WORK INSTRUCTION: Please copy all of the data that follows exactly, leaving any pictures out.

DATASET SECTION:
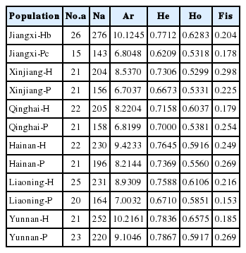 There were 2,435 alleles at 20 microsatellite loci in the 12 populations. The number of alleles observed (Na) per population varied from 143 to 276 (
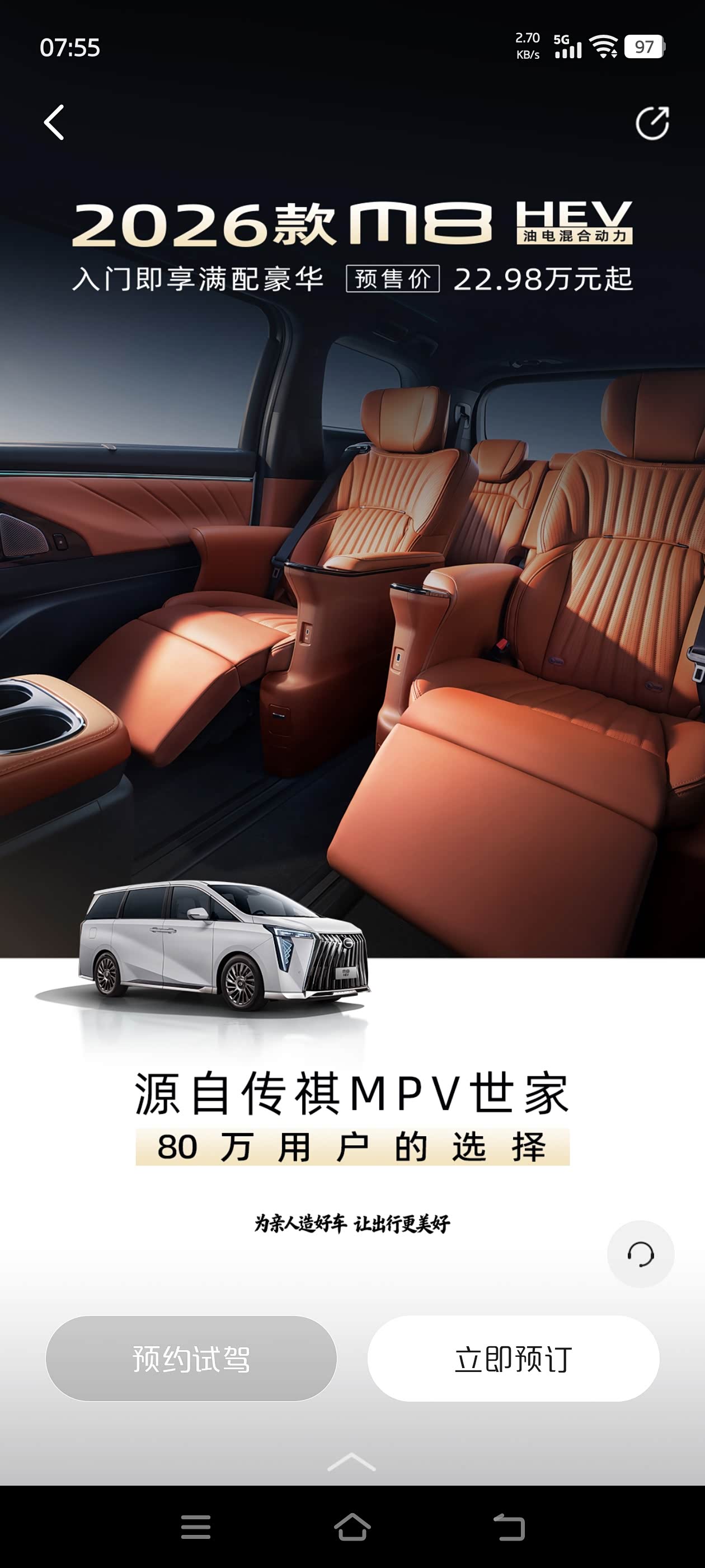 为何没有选四驱?腾势D9、梦想家、高山8等好几款竞品都是四驱,但搭乘MPV的基本上都是家人或重要客人,个人认为追求零百加速在6秒以内的不是MPV的本职,MPV讲究的是行驶平稳舒适、刹车不点头、行驶不摇晃,这些才是它应该具有的水准,况且传祺向往M8乾崑零百加速也达到8秒,不算慢了,个人觉得够用,因此是否四驱对我来说不成为选择的否定项。
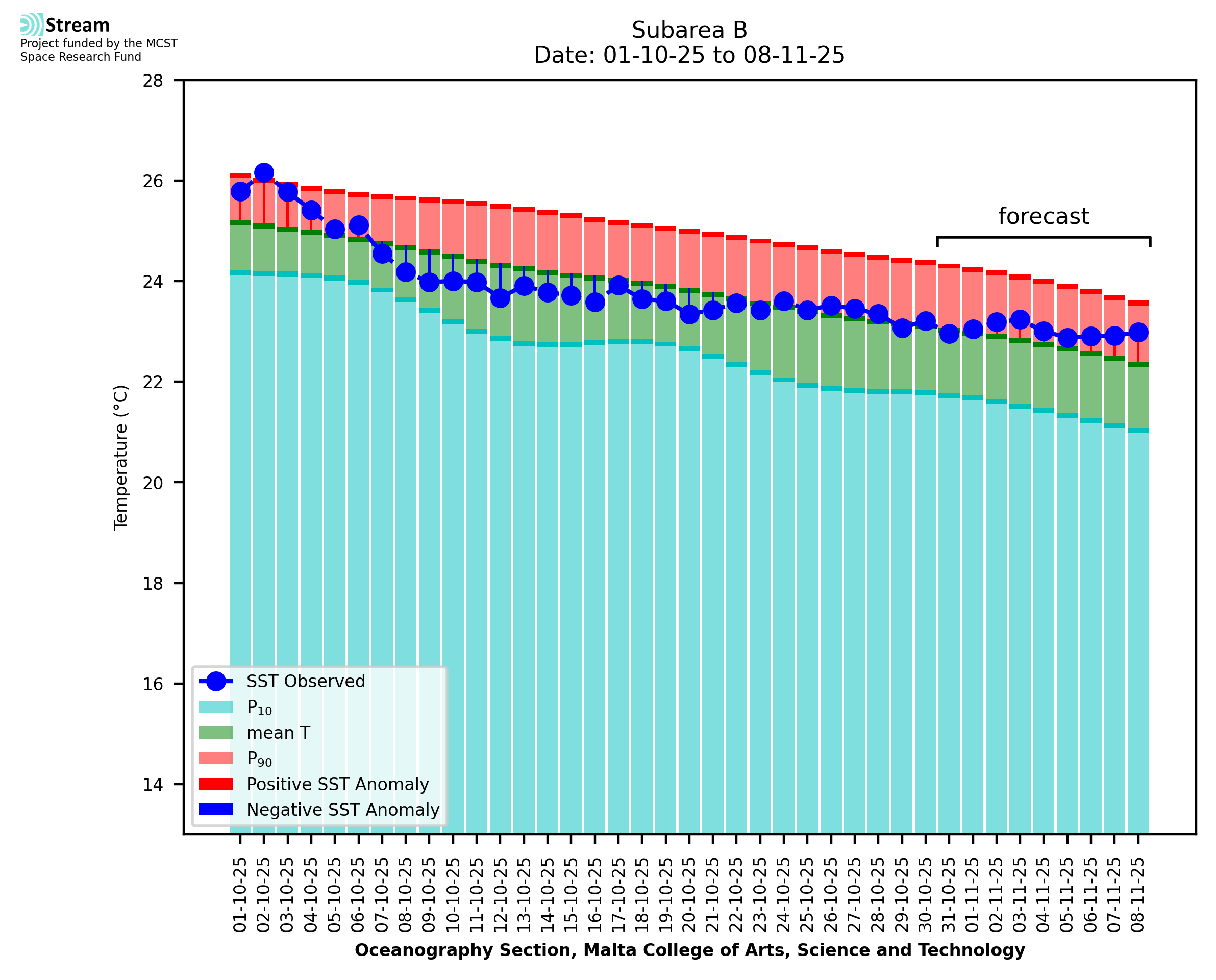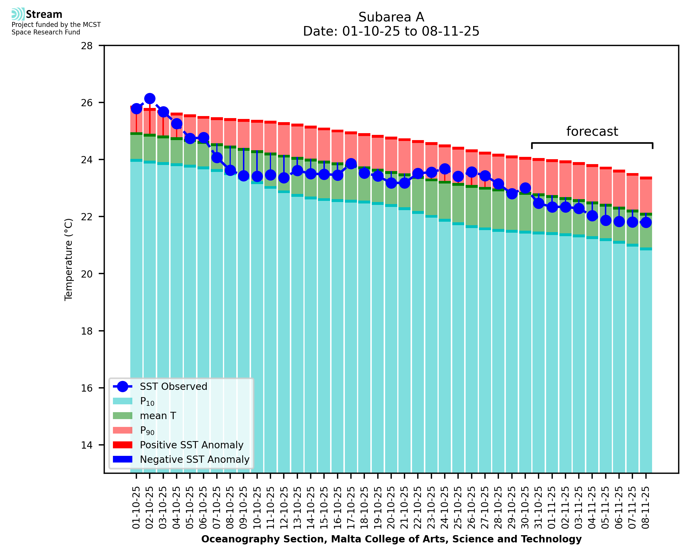 Elaborated by STREAM, the service provides daily analysis of sea surface temperature (SST) anomalies, including spatial maps for marine heat wave occurrence and intensity in the Malta shelf area. The service is based on ultra high resolution SST nighttime observations made by the infrared sensors mounted on different satellite platforms. Personalised user requests for detailed pixel-based data visualisation and access are available operationally on the STREAM web and mobile app.
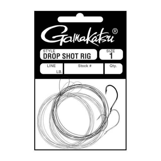 Gamakatsu Drop Shot Rig - A pre tied drop shot rig ready to fish right out of the package tie on a lead and you are ready to go with the hook rigged in the middle of premium Japanese monofilament. The Drop Shot Rig features the super sharp Gamakatsu Drop Shot hook. This is a perfect rig for that subtle finesse presentation that is needed in areas of high fishing pressure and clear water situations. Features Gamakatsu Drop Shot HooksConically Needle Honed PointsMade Of High Carbon SteelPre Tied With 78 -Inches Of Premium Japanese Monofilament

PROBLEM SOLUTION:
 There were 2,435 alleles at 20 microsatellite loci in the 12 populations. The number of alleles observed (Na) per population varied from 143 to 276 (
 为何没有选四驱?腾势D9、梦想家、高山8等好几款竞品都是四驱,但搭乘MPV的基本上都是家人或重要客人,个人认为追求零百加速在6秒以内的不是MPV的本职,MPV讲究的是行驶平稳舒适、刹车不点头、行驶不摇晃,这些才是它应该具有的水准,况且传祺向往M8乾崑零百加速也达到8秒,不算慢了,个人觉得够用,因此是否四驱对我来说不成为选择的否定项。
 Elaborated by STREAM, the service provides daily analysis of sea surface temperature (SST) anomalies, including spatial maps for marine heat wave occurrence and intensity in the Malta shelf area. The service is based on ultra high resolution SST nighttime observations made by the infrared sensors mounted on different satellite platforms. Personalised user requests for detailed pixel-based data visualisation and access are available operationally on the STREAM web and mobile app.
 Gamakatsu Drop Shot Rig - A pre tied drop shot rig ready to fish right out of the package tie on a lead and you are ready to go with the hook rigged in the middle of premium Japanese monofilament. The Drop Shot Rig features the super sharp Gamakatsu Drop Shot hook. This is a perfect rig for that subtle finesse presentation that is needed in areas of high fishing pressure and clear water situations. Features Gamakatsu Drop Shot HooksConically Needle Honed PointsMade Of High Carbon SteelPre Tied With 78 -Inches Of Premium Japanese Monofilament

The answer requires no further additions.